Currently, the chain is testing the sandwich, along with a basket of fried chicken and doughnuts, at locations in Pittsburgh, Pennsylvania, and Norfolk and Richmond, Virginia. This harrowing news comes after the summer of chicken-sandwich mania, in which Americans collectively lost their shit after Popeyes pointed out it was serving a fried-chicken sandwich. In what can only be described as a real decline-of-civilization moment, some overworked Popeyes employees were, reportedly, physically threatened by customers enraged that the sandwich was sold out for the day. In late August, Popeyes announced the sandwich would be “sold out” at all locations; it has not yet returned to the menu.

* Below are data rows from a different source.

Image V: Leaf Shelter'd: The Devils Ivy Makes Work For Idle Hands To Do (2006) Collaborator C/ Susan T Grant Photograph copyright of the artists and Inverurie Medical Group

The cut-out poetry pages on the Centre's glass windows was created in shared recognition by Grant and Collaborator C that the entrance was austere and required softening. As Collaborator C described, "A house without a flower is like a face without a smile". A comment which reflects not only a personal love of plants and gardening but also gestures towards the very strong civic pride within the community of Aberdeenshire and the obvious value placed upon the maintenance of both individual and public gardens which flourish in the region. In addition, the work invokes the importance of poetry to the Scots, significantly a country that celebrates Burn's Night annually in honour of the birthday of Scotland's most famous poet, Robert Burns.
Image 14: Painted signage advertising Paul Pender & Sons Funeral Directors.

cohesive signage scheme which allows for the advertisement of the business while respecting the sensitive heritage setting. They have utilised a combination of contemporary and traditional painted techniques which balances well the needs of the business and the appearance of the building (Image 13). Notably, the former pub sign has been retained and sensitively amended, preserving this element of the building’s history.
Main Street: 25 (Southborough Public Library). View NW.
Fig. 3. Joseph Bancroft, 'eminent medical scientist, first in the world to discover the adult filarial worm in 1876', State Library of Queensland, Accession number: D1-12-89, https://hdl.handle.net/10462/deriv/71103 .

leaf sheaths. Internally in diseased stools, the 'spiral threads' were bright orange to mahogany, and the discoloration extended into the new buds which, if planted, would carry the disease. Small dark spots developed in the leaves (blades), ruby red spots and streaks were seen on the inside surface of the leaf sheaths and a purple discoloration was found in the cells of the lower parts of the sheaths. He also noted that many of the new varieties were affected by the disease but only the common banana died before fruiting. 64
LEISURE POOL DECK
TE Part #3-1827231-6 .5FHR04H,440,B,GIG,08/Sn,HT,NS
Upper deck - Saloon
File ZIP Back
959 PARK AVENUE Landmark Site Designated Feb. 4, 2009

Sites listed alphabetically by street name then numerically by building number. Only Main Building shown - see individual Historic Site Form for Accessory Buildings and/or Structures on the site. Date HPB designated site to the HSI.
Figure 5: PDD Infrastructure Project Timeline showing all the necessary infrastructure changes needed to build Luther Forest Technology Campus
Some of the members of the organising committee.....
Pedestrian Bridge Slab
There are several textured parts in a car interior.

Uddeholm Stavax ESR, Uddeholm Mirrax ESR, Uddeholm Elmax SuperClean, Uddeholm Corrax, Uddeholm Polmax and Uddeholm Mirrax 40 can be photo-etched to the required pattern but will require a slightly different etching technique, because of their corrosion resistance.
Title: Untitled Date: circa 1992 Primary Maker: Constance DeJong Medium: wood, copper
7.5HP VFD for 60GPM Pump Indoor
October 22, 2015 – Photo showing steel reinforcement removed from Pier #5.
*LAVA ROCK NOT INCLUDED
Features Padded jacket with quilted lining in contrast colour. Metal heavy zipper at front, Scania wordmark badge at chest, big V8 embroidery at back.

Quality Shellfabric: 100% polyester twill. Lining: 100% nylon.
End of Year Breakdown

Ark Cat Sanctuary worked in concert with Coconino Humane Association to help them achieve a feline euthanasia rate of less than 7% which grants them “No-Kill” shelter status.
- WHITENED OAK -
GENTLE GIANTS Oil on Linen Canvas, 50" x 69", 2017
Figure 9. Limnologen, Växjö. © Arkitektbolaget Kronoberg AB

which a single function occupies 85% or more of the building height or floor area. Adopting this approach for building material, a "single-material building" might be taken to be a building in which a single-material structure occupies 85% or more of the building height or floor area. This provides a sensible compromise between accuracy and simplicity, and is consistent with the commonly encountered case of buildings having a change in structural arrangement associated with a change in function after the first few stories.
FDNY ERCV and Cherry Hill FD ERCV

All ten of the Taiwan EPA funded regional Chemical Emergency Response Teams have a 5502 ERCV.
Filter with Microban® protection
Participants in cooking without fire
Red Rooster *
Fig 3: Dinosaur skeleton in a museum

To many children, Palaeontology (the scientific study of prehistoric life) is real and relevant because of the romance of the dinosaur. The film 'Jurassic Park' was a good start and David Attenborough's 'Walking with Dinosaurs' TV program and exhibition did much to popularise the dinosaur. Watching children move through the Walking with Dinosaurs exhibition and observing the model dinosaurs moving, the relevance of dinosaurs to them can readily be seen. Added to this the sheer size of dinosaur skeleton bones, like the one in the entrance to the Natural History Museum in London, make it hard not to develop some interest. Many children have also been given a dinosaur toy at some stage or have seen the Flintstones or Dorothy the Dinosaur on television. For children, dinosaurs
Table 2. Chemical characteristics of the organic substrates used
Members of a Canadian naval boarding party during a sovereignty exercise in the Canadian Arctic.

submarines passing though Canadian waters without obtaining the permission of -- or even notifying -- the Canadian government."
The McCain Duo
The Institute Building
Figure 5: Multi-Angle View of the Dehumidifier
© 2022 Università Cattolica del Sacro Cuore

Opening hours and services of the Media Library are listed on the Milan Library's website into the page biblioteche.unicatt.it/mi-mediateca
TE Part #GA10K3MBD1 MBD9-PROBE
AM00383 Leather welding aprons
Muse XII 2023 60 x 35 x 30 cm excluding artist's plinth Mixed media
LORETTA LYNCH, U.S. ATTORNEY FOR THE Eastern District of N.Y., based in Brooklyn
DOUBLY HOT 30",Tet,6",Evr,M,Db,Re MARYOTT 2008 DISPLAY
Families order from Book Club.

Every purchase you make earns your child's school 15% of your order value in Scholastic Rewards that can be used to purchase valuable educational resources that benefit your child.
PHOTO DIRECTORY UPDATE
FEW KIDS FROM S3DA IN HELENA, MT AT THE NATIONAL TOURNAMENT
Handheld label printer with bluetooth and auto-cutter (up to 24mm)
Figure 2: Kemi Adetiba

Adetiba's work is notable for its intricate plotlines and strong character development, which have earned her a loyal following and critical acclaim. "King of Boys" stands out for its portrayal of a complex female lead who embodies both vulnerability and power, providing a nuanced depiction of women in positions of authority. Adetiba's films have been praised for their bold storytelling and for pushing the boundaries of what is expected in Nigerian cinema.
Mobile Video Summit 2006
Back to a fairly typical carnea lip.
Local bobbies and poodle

As for KFC’s chicken-doughnut monstrosity, the first question that Grub asked itself was, who would actually want to eat this? It’s the sort of food that gives you acid reflux just thinking about it. You would think that, for all the money KFC pays its mad food scientists, they’d at least think up something more original! It’s true that it’s not like KFC invented this concept — remember burgers on doughnuts? Grub tries not to also — but, still. On second thought, you do have to give it to KFC: Fried industrial chicken smashed between two stale doughnuts is maybe the best metaphor yet for Trump’s America.